Harp Strings vs RAL 110-2
Harp Strings (Benjamin Moore) and RAL 110-2 (RAL Effect) come from different manufacturers. Hue-wise, Harp Strings belongs to the beige-yellow family and RAL 110-2 to the greige-grey family. Their light reflectance values are nearly the same — 72 vs 72 — so neither will read significantly brighter or darker than the other. A ΔE of 22.9 puts these firmly in different territory — two distinct design choices rather than close alternatives. Below you'll find 1 real-room photo comparison where both colors appear side by side, plus 5 simulated room previews.
Harp Strings vs RAL 110-2 in Real Spaces
1 real room side by side. Seeing Harp Strings and RAL 110-2 in actual rooms makes the difference concrete; browse the spaces below to get a feel for how each color lives on a wall.
House
A full exterior is the most demanding test for a paint color — scale and outdoor light both amplify differences that seem small on a swatch. At this scale, the choice between them becomes clear in a way that a swatch alone can't communicate.
Color Details
Harp Strings vs RAL 110-2 Simulated Comparison
5 simulated room previews — drag the slider on each to see Harp Strings on one side and RAL 110-2 on the other.
Digital color is approximate.

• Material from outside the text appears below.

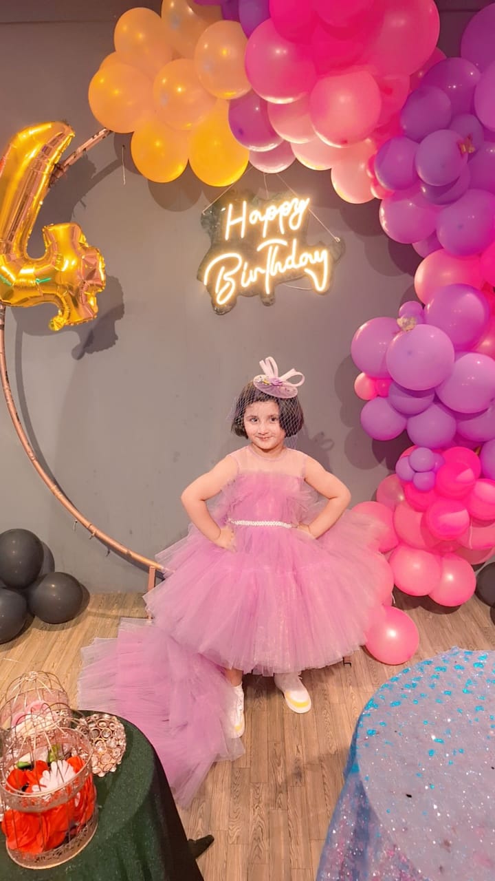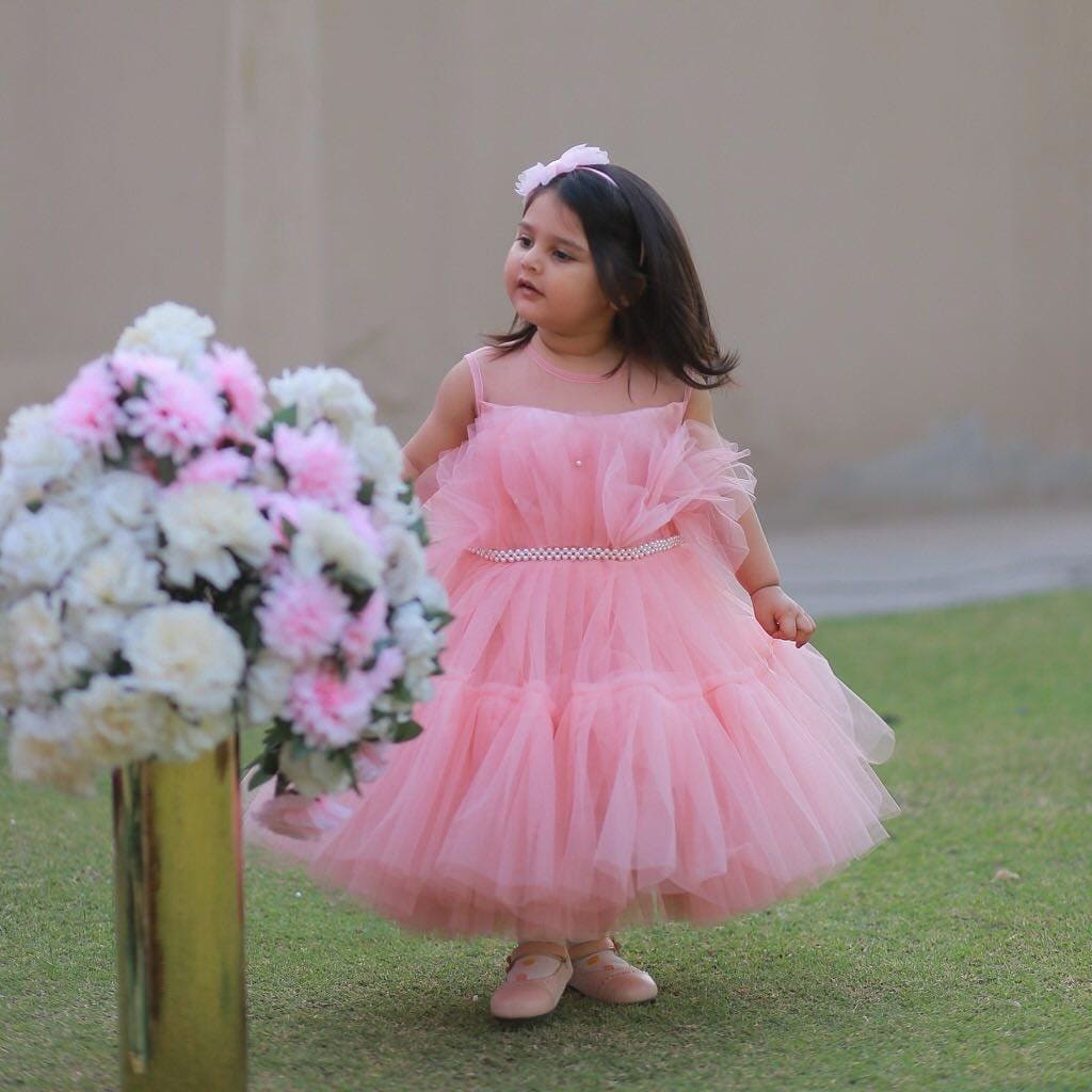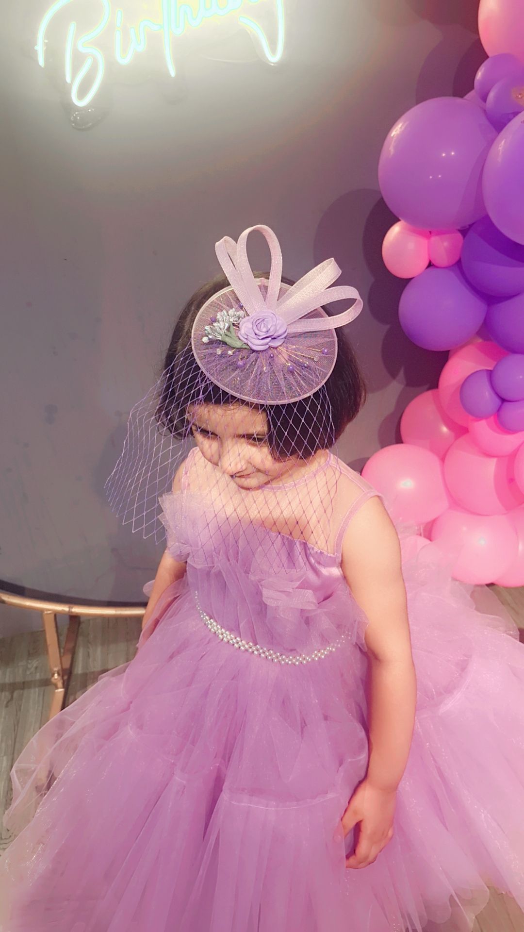 Layered lilac is a high low ruffled dress with the front as knee length and back tail extending 20 inches on floor embellished with hand beaded pearl belt!

These simulations are generated from the manufacturer's hex values and overlaid on grayscale room photos — your screen's calibration, brightness, and viewing angle all affect how they render. Before committing to either color, test physical samples in your own space under the light you actually live with.
More Harp Strings comparisons
See how Harp Strings stacks up against other well-photographed colors across different brands and tones.